En ces temps de trahisons et de reniements, souvenons-nous de ceux qui gardèrent jusqu'au bout leur honneur et leur fidélité.

Et pour ce souvenir du sacrifice de Bassompierre, ce témoignage de R. L. Bruckberger, religieux engagé dans les rangs de la résistance, et défenseur des miliciens...
J'ai donc vu mourir Darnand. L'exécution capitale est horrible. Mais celle-ci avait une majesté sacrificielle qui la marquait d'une espèce de légitimité. J'ai vu mourir Bassompierre. Cela ressemblait à un mauvais coup. Quand au tout petit jour, nous sommes entrés dans cette cellule, le procureur n'a rien dit. Bassompierre avait compris. Il était debout et habillé. Il attendait. Il eut un rire d'une insolence féroce.
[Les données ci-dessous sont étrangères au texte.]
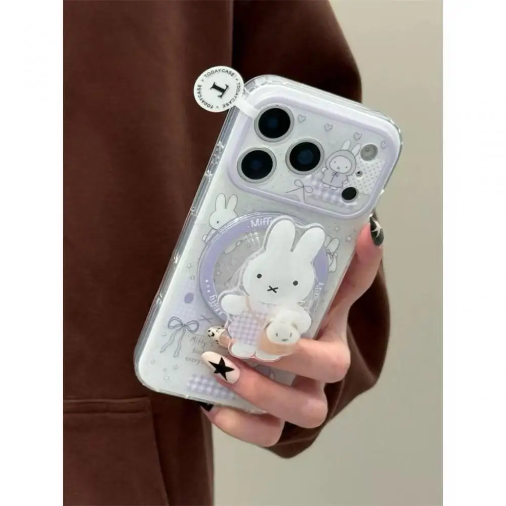 Roztomilá kreslený fialový stánek držák magnetický fundas pro iPhone 16 pro bezdrátový nabíjení pouzdro úchop tok skládací prst stánek nástrčkový

-Vous êtes bien matinaux, messieurs. Vous arrivez comme des voleurs, ah oui, comme des voleurs. Comme des voleurs...
Il fallait faire vite, vite. Comme des voleurs. Pas de messe, vite, vite. Bassompierre va à la fenêtre et d'une voix basse et distincte :
-Pierre, Jean, Marcel, François, ici Bassom ! Au revoir les amis ! Bon courage !
Les policiers se précipitent :
-Chut ! Chut ! Taisez-vous !
-N'ayez pas peur, dit Bassompierre.
Vite, vite ! On s'en va, on entraîne Bassompierre à travers les immenses corridors. Toutes les cellules superposées sont fermées à clefs. Les interminables galeries sont vides. Alors derrière chaque porte de cachot, cinq ou six paires de poings rageusement à cogner. Des centaines de voix crient :
-Assassins !
-Salauds !
-Bassompierre, on te vengera !
Vite, vite ! Tout le monde courbe le dos. La petite troupe s'enfuit, entrainant sa victime enchaînée. Vite, vite ! Le fourgon, le poteau, la salve, le cimetière. Ah, oui ! Comme des voleurs !
C'est ça votre justice ? Elle n'ose même plus regarder ses victimes en face. Quel est celui de ces bons papas républicains qui aura l'estomac de dire et de faire comme Charles IX :
-Tuez-le ! Mais tuez-les tous ! Qu'il n'en reste pas un qui puisse venir me le reprocher.
R. L. Bruckberger, Nous n'irons plus au bois.